Segment Start: EXERCISE MATERIALS
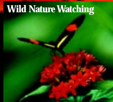
Wild Nature Watching
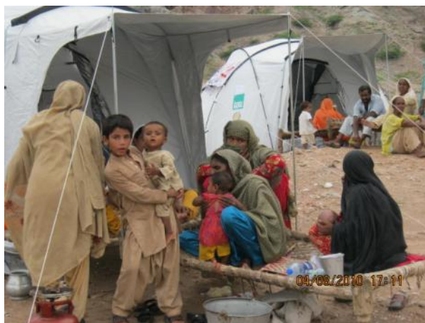
ShelterBox tents in use in the region

'The priority in terms of aid is shelter for those who have lost their houses. Many have taken refuge in open and high lying areas and the risk of disease and malnutrition is high. 'Shelterbox tents are now up and running in these areas and as these pictures show, families are using them as shelter in some very difficult terrain.'
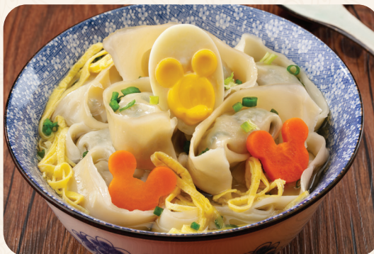
上海菜肉馄饨 Shanghai Style Pork and Vegetable Wonton
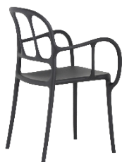
Matt colour Black 1769 C
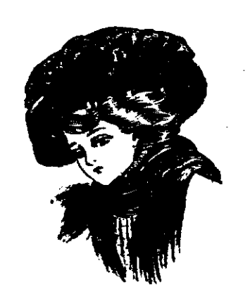
TOQUE OF SMOKE-GREY VELVET. Edged with two mink skins, with heads and talks.

poind of a cluster of sliver resebuds and two sprays of sliver leaves passed round the hair.
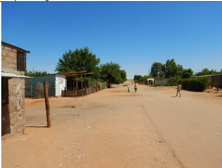
Figure 9: A2 poster placed against the fence at 7de Laan Tuck Shop. Looking in a northern direction.
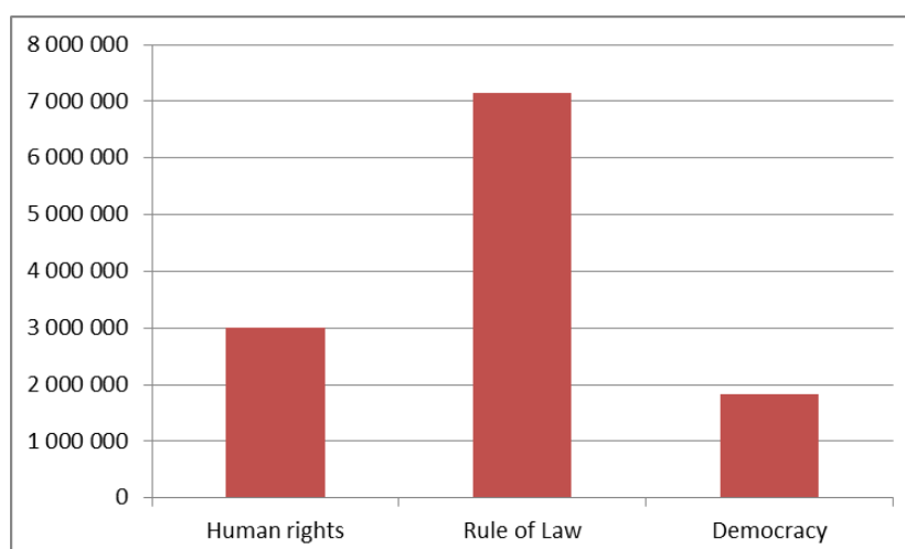
Figure 2: Estimated budget per theme of the Neighbourhood Partnership with Morocco 2018-2021

The present Neighbourhood Partnership structure from 2018 to 2021 follows the structure of the Programme and Budget of the Council of Europe and is aligned with its two biennial cycles in order to increase coherence, complementarity and co-ordination.
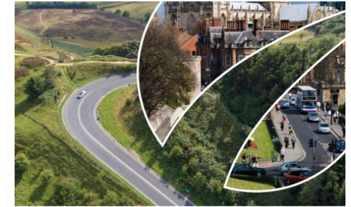
York and North Yorkshire Road Safety Partnership Safer Roads Strategy 2021-2026
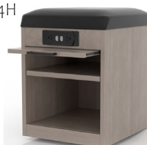
Pedestal One-Drawer with Outlet and Extendable Shelf FR-P1-162122-01 16W X 21D X 22H
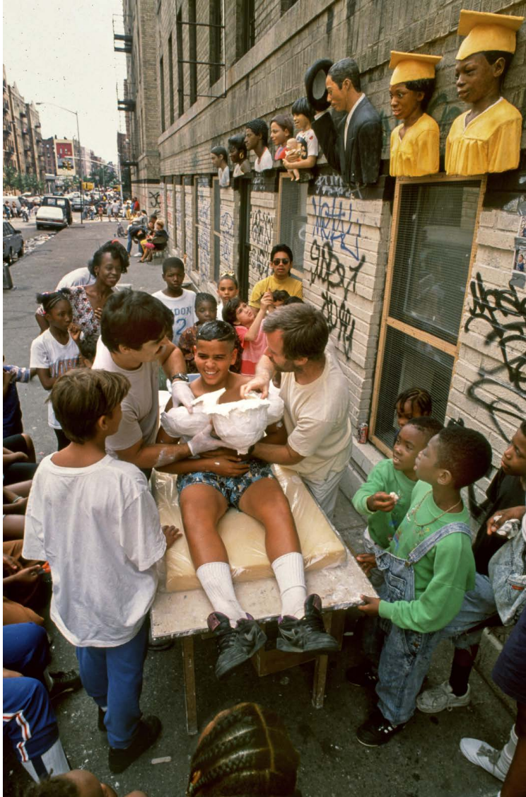
Walton Ave. 1989
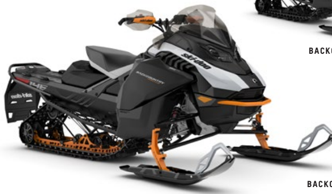
BACKCOUNTRY ADRENALINE 146 850 E-TEC SHOWN
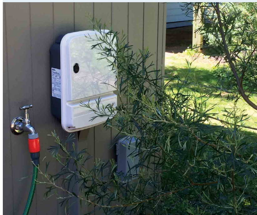
Your OneBox® device is compact and unobtrusive.

* Other than those used in normal domestic products such as dishwashing powder, detergents and hair dyes.
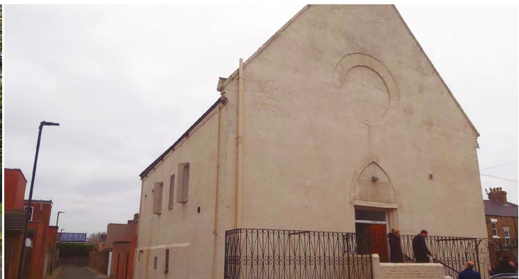
Newcastle Mission House

donated to local charitable causes benefitting the people of Hartlepool.
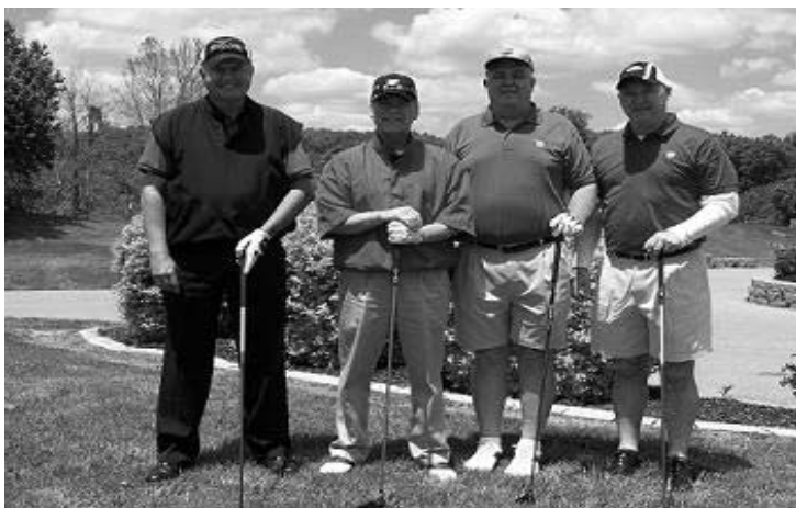
Third place winner of the Chamber Golf Outing 2008 was the team of the The Stone City Bank.
Segment End: EXERCISE MATERIALS
→ ABOUT THIS EXERCISE:
This exercise requires the lines of the entries containing the string "tents".

→ TASK OUTPUT:
ShelterBox tents in use in the region
'The priority in terms of aid is shelter for those who have lost their houses. Many have taken refuge in open and high lying areas and the risk of disease and malnutrition is high. 'Shelterbox tents are now up and running in these areas and as these pictures show, families are using them as shelter in some very difficult terrain.'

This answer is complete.